Thursday, May 29, 2008

About to meet the destructive power of "civilization"

Image caption. Painted: In a thick rainforest along the Brazilian-Peruvian border, these tribespeople are thought never to have had any contact with the outside world
Check this article out - Incredible pictures of one of Earth's last uncontacted tribes firing bows and arrows (h/t JOS at Mickey Z's place). Some passages from the article that struck me as salient:

The uncontacted tribes, which are located in the jungles of South America, New Guinea and a remote and the beautiful and remote North Sentinel island in the Indian Ocean (the inhabitants of which have also responded to attempts at contact with extreme aggression) all have one thing in common - they want to be left alone.

And for good reason. The history of contact, between indigenous tribes and the outside world, has always been an unhappy one.

In our overcrowded world their very future hangs in the balance. Almost all of these tribes are threatened by powerful outsiders who want their land. These outsiders - loggers, miners, cattle ranchers - are often willing to kill the tribespeople to get what they want.

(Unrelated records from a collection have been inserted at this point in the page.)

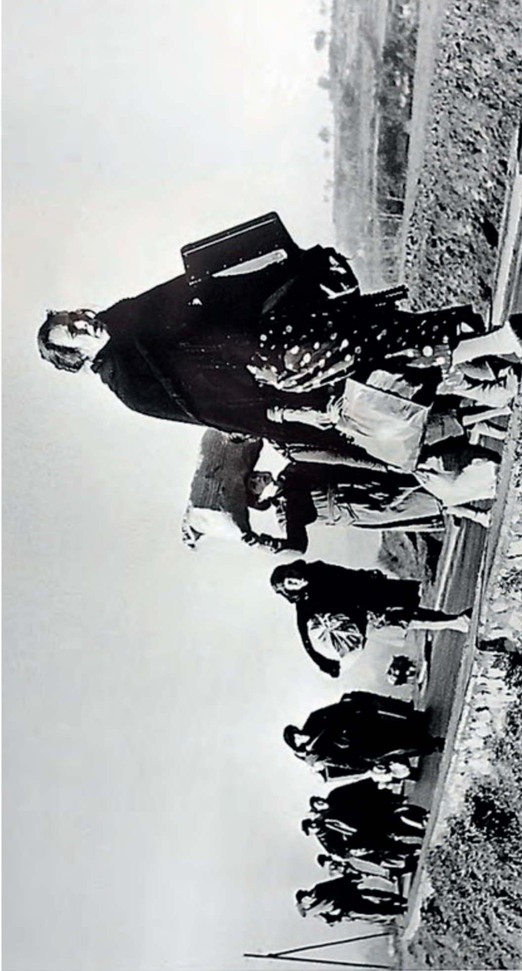
Document 4. Robert Capa, Réfugiés marchant sur la route entre Barcelone et la frontière franco-espagnole , 25-27 janvier 1939. Photographie argentique noir et blanc.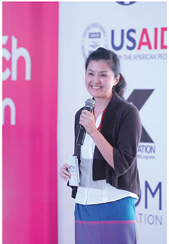
မိချိုကိုအိတို၊ Programme Manager Labour Mobility and Human Development, IOM Myanmar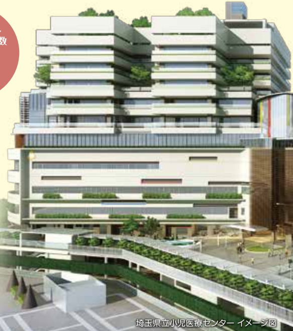
埼玉県立小児医療センター イメージ図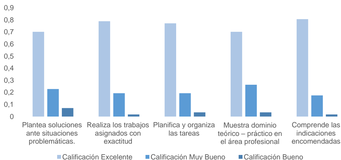
Figura 2. Evaluación de los conocimientos de los estudiantes de la carrera de economía de la Facultad de Ciencias Económicas de la Universidad Nacional de Asunción. Año 2021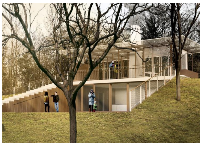
En foreløbig skitse af "Huset". Det tænkes at blive bæredygtigt og med opfordring til læring i naturen.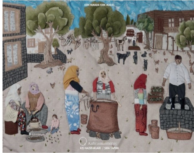
Görsel 12. Bölgede Kış Hazırlıkları ve Şıra Yapımı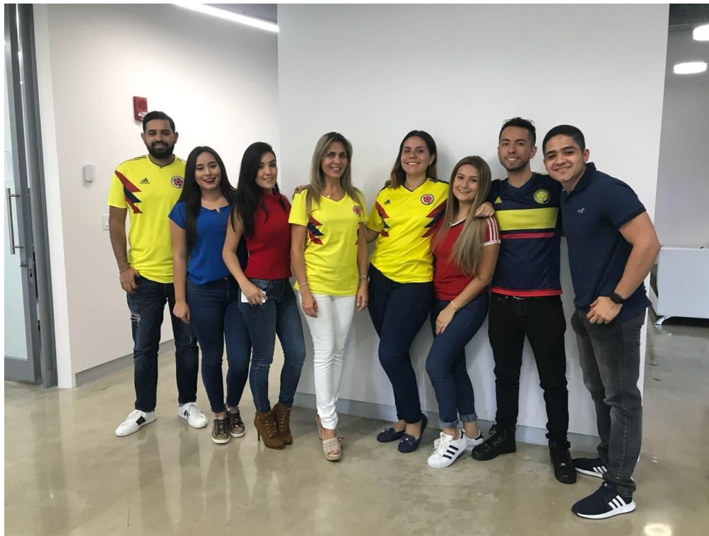
Anexo C. Evento Trustees. Elaboración propia.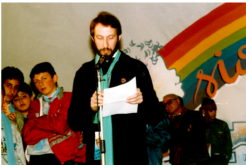
Animazione ispettoriale: festa dei Ragazzi a Schio “... si diffuse allora una risonanza che lo portò ad allestire le celebrazioni più impegnative e solenni”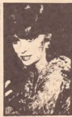
La Lollo, qualche anno fa

Forono gli stessi operatori che, una volta rientrati in Italia denunciavano la Lollobrigida alla magistratura sia in sede civile, per la realizzazione del contratto, sia in sede penale accusandola di aver portato indebitamente il materiale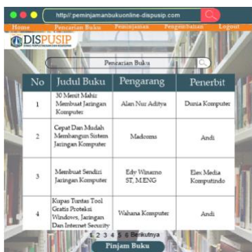
Gambar 7. Tampilan Pencarian Buku

Menu ketiga adalah tampilan pencarian buku yang dimana pemustaka dapat mencari buku sesuai pada nomer, judul buku, pengarang, dan penerbit.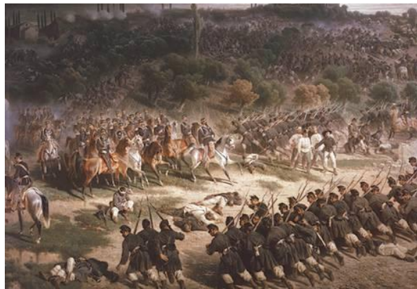
Bitka pri Solferine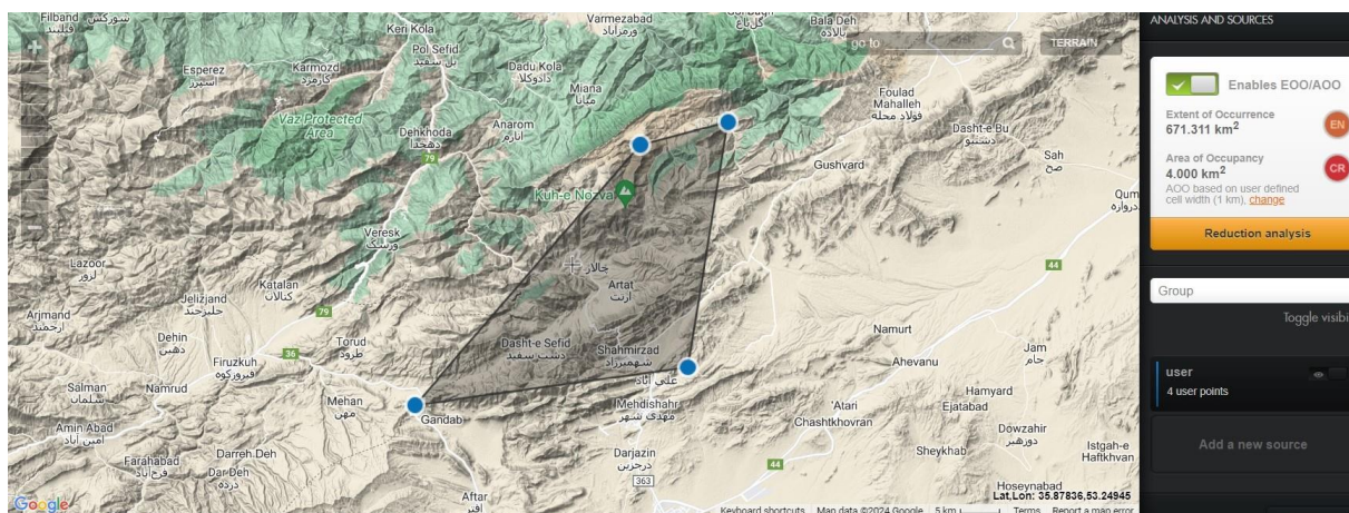
شکل ۴- محدوده حضور و سطح تحت اشغال گونه Seseli olivieri

تعداد پایه‌های بالغ و دانه‌رست S. olivieri در سه رویشگاه به ترتیب ۲۰۳ و ۲۷ شمارش شد. چرای دام و خشکسالی باعث تخریب جمعیت‌های این گونه و رویشگاه‌های آن شده است. با توجه به اینکه سطح تحت اشغال این گونه در جمعیت‌های

Even where there is no violence, the tribes can be wiped out by diseases like the common cold to which they have no resistance.

According to Miriam Ross of Survival International, which campaigns to protect the world's remaining indigenous peoples, 'These tribes represent the incredible diversity of humankind. Unless we want to condemn yet more of the earth's peoples to extinction, we must respect their choice. Any contact they have with outsiders must happen in their own time and on their own terms.'

As to who these people are, how they live their lives, what language they speak - we know nothing. 'Normally you can tell who tribes are by their language, how they wear their hair, how they adorn their bodies and so on, but in this case the photos don't allow us to get close enough to see,' says Ms Ross.


'The jungle is fundamental to their lives and survival. It's their home, their source of food, the source of their culture etc. Without it, they could not exist as a people.'

Contact is usually a disaster for these remote tribespeople, who live a life probably unchanged for more than 10,000 years. Even if the loggers do not shoot them (which they often do) or force them off their land, diseases against which these isolated humans have no resistance typically wipe out half an uncontacted tribe's numbers in a year or two.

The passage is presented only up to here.